** EXERCISE GOAL **
Once the line with "Wooden Platform Bed" is reached, output it and every line after it, exactly, through the end of the records below. Pictures are skipped.

::::::

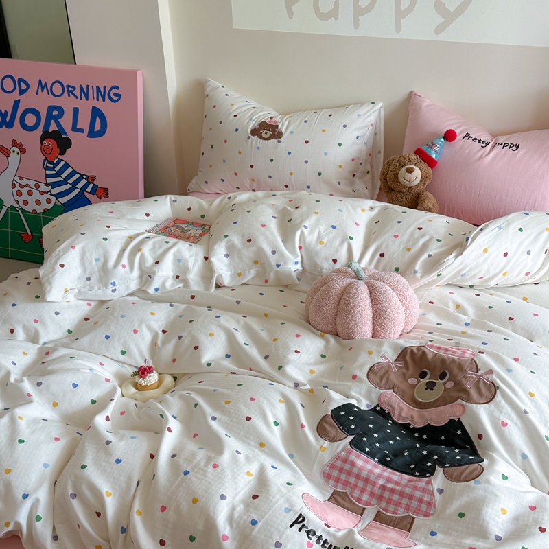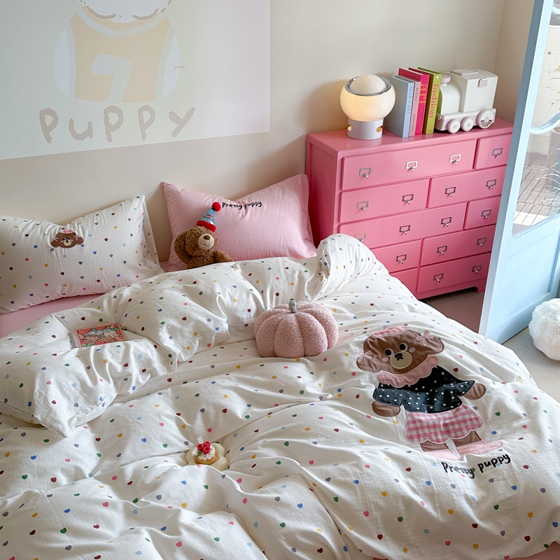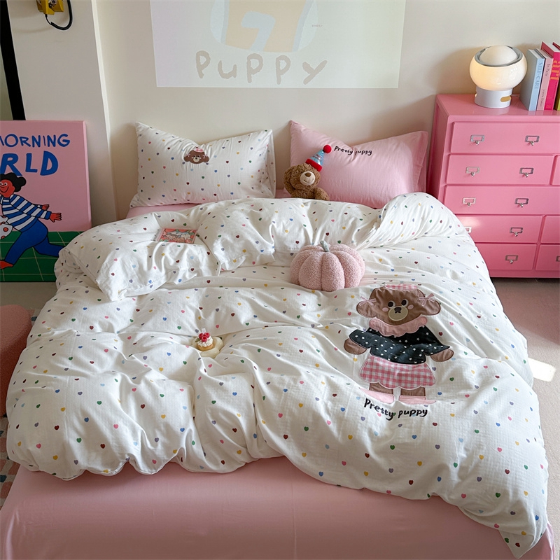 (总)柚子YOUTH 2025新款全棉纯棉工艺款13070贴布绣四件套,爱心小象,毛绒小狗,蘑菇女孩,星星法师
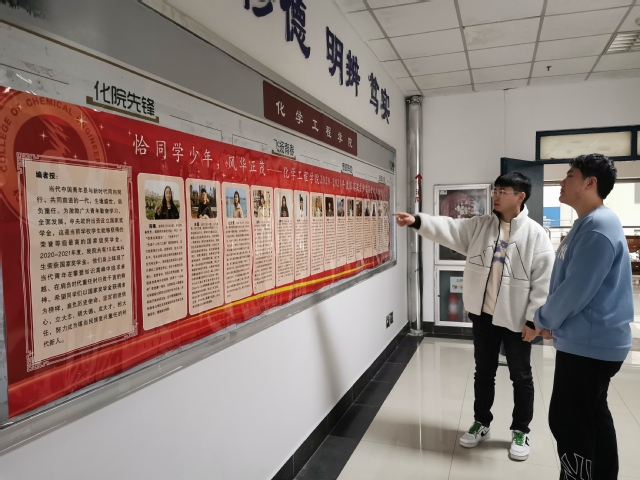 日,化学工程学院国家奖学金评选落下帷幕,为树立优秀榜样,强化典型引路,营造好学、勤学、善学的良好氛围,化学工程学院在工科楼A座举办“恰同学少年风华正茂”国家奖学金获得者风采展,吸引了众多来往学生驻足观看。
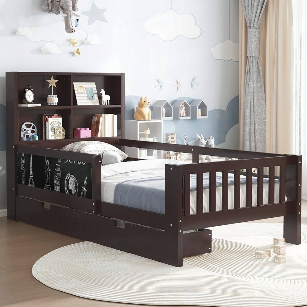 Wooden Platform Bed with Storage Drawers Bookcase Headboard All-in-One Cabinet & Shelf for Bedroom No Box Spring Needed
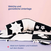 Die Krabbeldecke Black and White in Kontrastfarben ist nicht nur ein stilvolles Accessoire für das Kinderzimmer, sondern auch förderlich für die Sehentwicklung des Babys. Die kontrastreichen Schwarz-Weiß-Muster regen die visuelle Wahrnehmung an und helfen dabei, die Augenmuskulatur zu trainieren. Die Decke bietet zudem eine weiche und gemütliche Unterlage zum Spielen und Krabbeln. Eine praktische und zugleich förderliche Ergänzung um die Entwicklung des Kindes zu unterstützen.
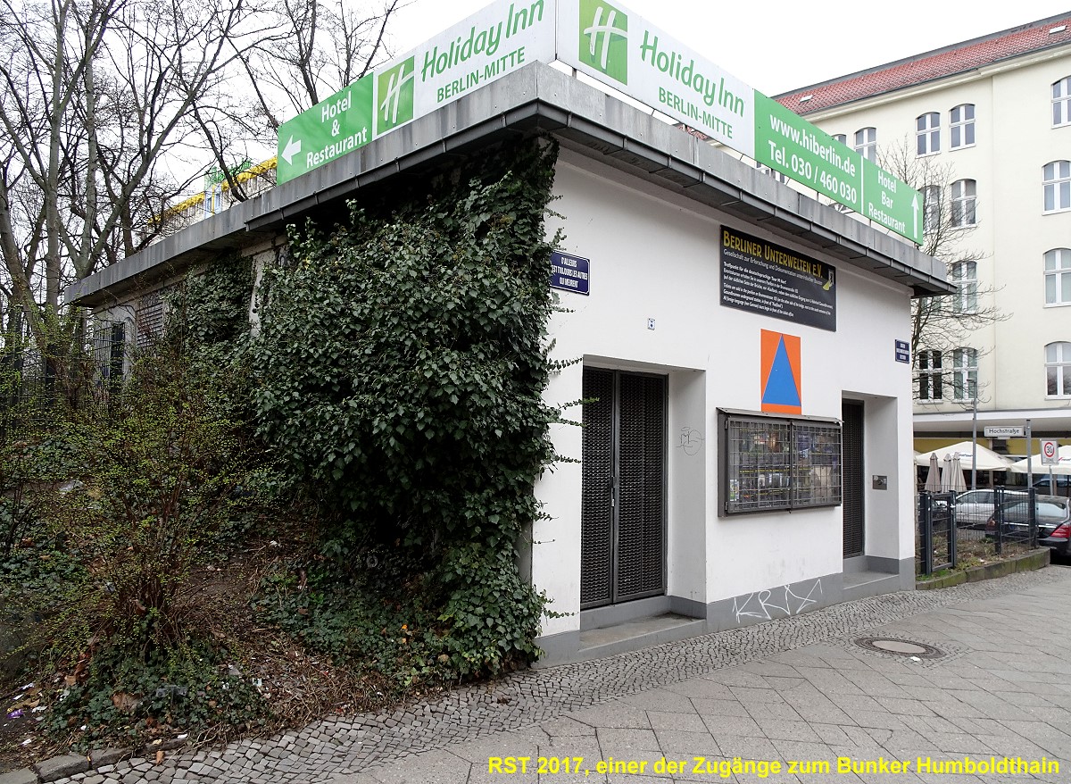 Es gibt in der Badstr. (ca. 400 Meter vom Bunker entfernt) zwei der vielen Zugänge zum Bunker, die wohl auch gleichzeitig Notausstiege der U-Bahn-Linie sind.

::::::

** SOLUTION TO THIS PROBLEM **
 Wooden Platform Bed with Storage Drawers Bookcase Headboard All-in-One Cabinet & Shelf for Bedroom No Box Spring Needed
 Die Krabbeldecke Black and White in Kontrastfarben ist nicht nur ein stilvolles Accessoire für das Kinderzimmer, sondern auch förderlich für die Sehentwicklung des Babys. Die kontrastreichen Schwarz-Weiß-Muster regen die visuelle Wahrnehmung an und helfen dabei, die Augenmuskulatur zu trainieren. Die Decke bietet zudem eine weiche und gemütliche Unterlage zum Spielen und Krabbeln. Eine praktische und zugleich förderliche Ergänzung um die Entwicklung des Kindes zu unterstützen.
 Es gibt in der Badstr. (ca. 400 Meter vom Bunker entfernt) zwei der vielen Zugänge zum Bunker, die wohl auch gleichzeitig Notausstiege der U-Bahn-Linie sind.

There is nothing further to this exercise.